*** Supplied records Section Begins ***

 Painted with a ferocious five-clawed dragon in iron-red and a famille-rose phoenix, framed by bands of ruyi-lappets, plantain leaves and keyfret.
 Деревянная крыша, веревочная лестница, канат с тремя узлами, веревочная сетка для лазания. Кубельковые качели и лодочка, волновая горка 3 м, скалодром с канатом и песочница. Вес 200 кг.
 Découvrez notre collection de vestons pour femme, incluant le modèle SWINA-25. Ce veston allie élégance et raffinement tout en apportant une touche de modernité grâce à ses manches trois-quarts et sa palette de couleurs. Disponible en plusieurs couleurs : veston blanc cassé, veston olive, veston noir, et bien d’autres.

*** Supplied records Section Ends ***
*** Supplied records Section Begins ***

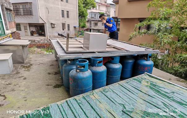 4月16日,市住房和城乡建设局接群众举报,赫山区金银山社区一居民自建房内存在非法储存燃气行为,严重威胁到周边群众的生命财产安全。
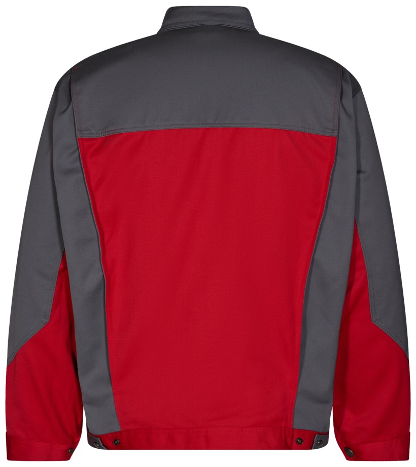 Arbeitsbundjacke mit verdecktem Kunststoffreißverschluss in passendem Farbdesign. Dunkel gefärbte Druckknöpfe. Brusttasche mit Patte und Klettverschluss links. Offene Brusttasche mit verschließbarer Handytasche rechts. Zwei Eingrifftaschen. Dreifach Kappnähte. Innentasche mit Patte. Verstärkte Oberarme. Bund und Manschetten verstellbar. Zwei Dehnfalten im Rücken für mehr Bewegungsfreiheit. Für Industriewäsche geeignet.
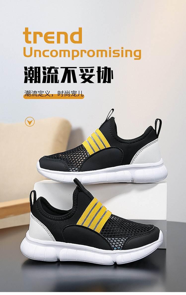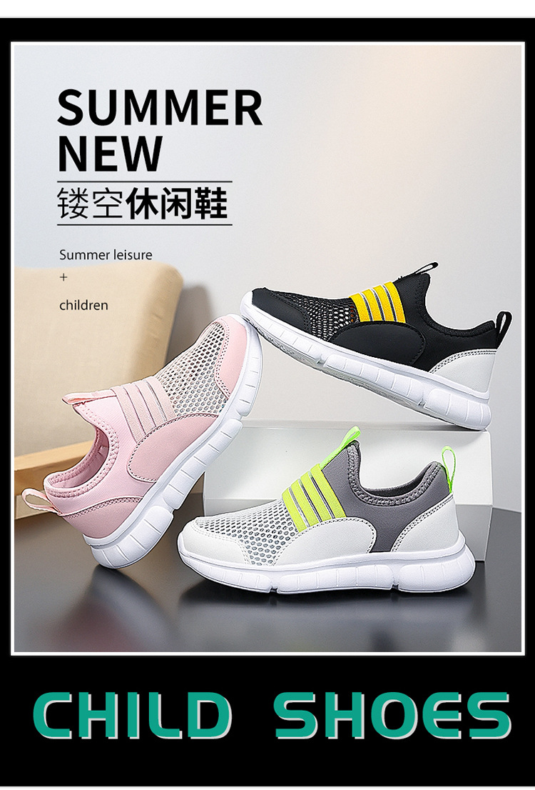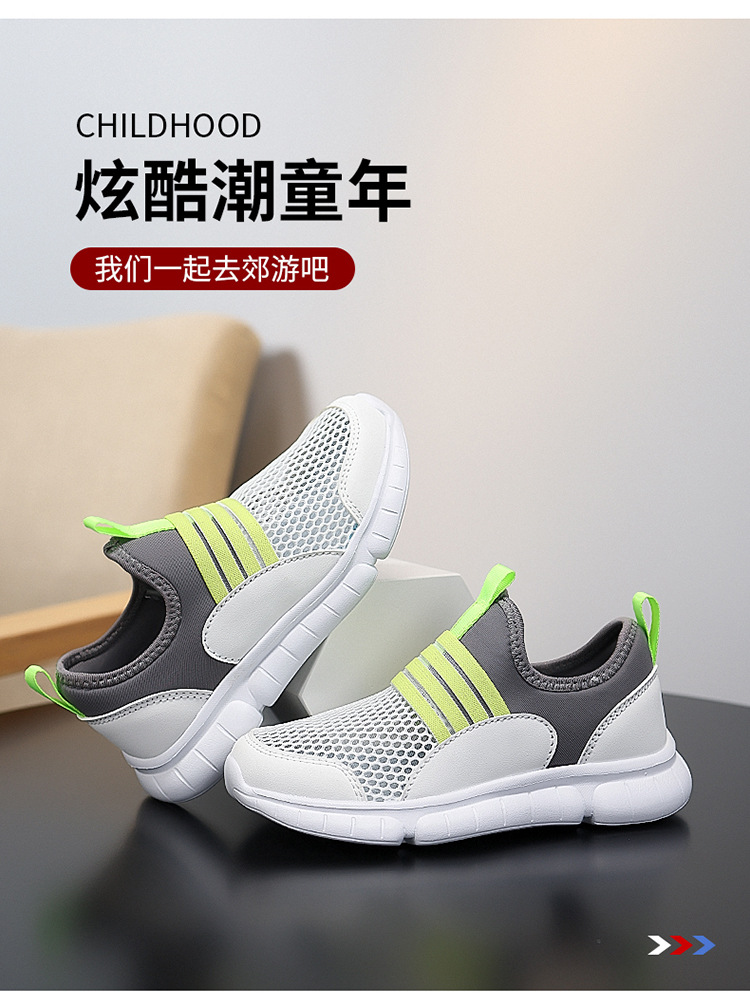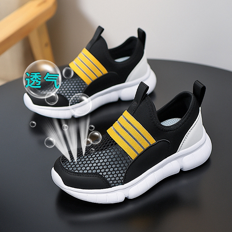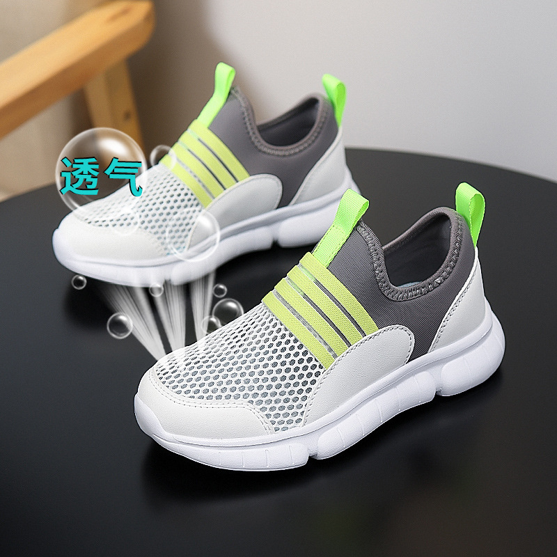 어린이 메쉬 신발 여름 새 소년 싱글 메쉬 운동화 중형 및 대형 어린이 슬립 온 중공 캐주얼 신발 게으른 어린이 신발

*** Supplied records Section Ends ***

* _Exercise description_
Pictures excluded, give again exactly and only the lines of the material above from the line with "Arbeitsbundjacke mit verdecktem" through the line with "어린이 메쉬 신발 여름".

* _Reply_
 Arbeitsbundjacke mit verdecktem Kunststoffreißverschluss in passendem Farbdesign. Dunkel gefärbte Druckknöpfe. Brusttasche mit Patte und Klettverschluss links. Offene Brusttasche mit verschließbarer Handytasche rechts. Zwei Eingrifftaschen. Dreifach Kappnähte. Innentasche mit Patte. Verstärkte Oberarme. Bund und Manschetten verstellbar. Zwei Dehnfalten im Rücken für mehr Bewegungsfreiheit. Für Industriewäsche geeignet.
 어린이 메쉬 신발 여름 새 소년 싱글 메쉬 운동화 중형 및 대형 어린이 슬립 온 중공 캐주얼 신발 게으른 어린이 신발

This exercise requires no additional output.